◆ WHAT YOU HAVE TO DO:
Begin at the line below that has "The Petmate 2". Stop after the line that has "M-Tac Universel Couverts", repeating each line exactly and leaving out the pictures.

DATA RECORDS Start Marker

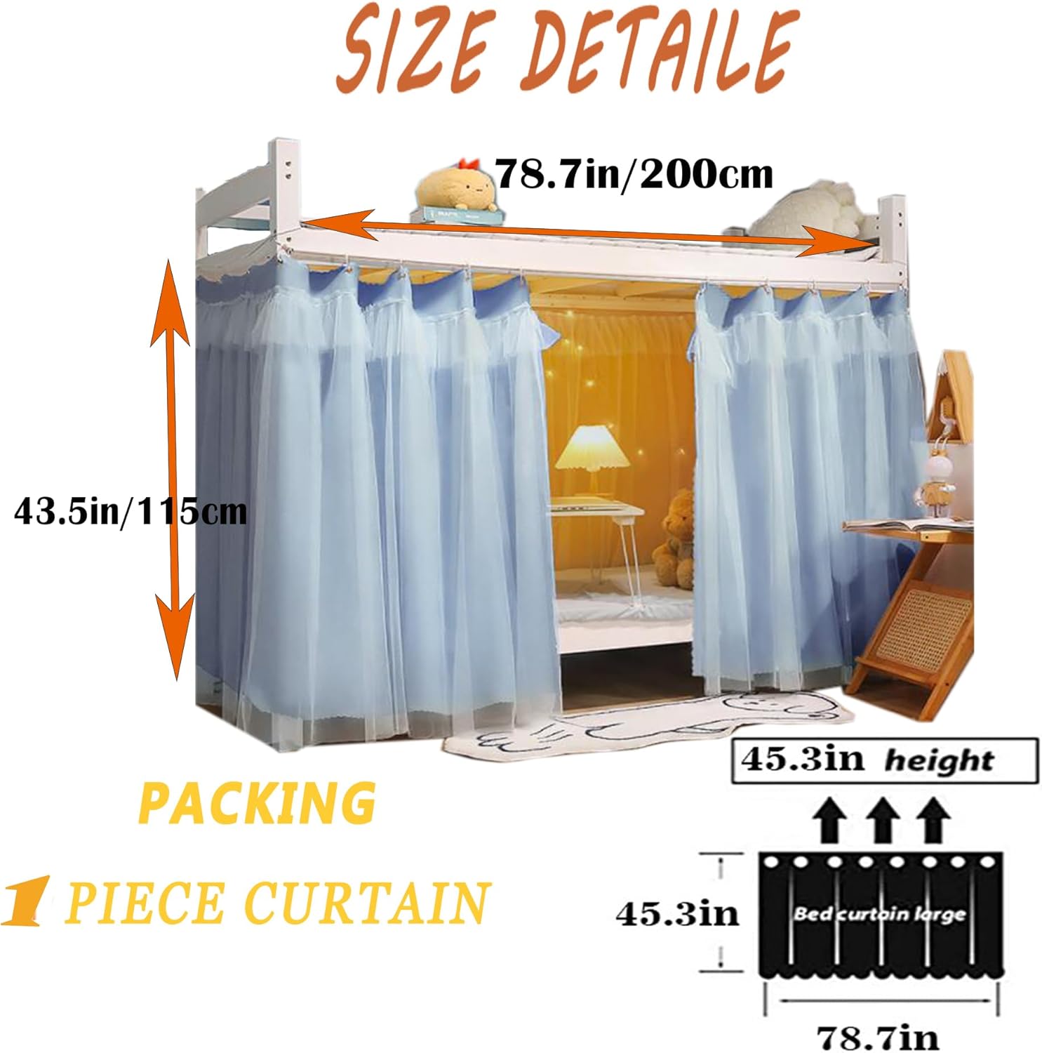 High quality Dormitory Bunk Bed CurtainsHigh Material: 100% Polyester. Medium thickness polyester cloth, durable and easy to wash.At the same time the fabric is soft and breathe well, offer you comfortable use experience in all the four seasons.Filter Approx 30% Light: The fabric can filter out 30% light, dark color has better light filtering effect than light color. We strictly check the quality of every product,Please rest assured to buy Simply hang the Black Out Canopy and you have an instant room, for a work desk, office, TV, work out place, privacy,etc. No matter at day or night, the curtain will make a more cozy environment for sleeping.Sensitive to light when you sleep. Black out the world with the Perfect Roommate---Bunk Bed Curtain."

DATA RECORDS End Marker
DATA RECORDS Start Marker

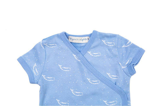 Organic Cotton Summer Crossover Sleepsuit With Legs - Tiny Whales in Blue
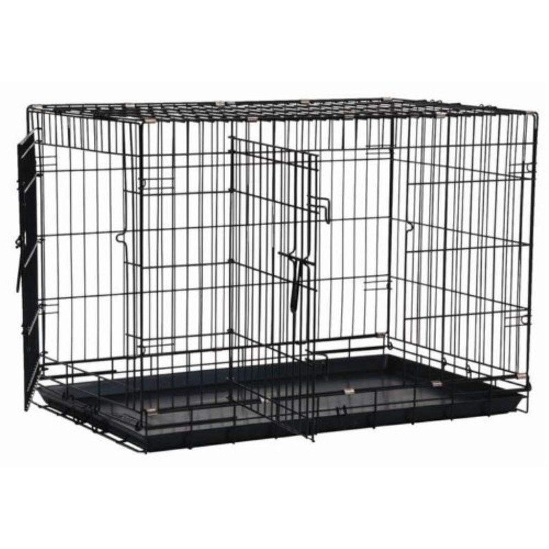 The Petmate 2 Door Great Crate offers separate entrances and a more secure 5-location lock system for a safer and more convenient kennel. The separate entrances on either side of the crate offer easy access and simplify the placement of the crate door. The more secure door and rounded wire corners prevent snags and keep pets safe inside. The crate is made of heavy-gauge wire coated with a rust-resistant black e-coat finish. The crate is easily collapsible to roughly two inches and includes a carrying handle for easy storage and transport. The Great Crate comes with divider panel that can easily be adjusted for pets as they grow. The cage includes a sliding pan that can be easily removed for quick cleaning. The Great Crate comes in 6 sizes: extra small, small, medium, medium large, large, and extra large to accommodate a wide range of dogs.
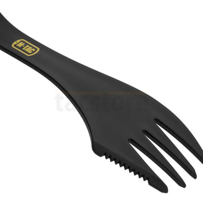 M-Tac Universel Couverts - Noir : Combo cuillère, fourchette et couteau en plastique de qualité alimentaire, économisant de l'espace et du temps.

DATA RECORDS End Marker

◆ ANSWER BELOW:
 The Petmate 2 Door Great Crate offers separate entrances and a more secure 5-location lock system for a safer and more convenient kennel. The separate entrances on either side of the crate offer easy access and simplify the placement of the crate door. The more secure door and rounded wire corners prevent snags and keep pets safe inside. The crate is made of heavy-gauge wire coated with a rust-resistant black e-coat finish. The crate is easily collapsible to roughly two inches and includes a carrying handle for easy storage and transport. The Great Crate comes with divider panel that can easily be adjusted for pets as they grow. The cage includes a sliding pan that can be easily removed for quick cleaning. The Great Crate comes in 6 sizes: extra small, small, medium, medium large, large, and extra large to accommodate a wide range of dogs.
 M-Tac Universel Couverts - Noir : Combo cuillère, fourchette et couteau en plastique de qualité alimentaire, économisant de l'espace et du temps.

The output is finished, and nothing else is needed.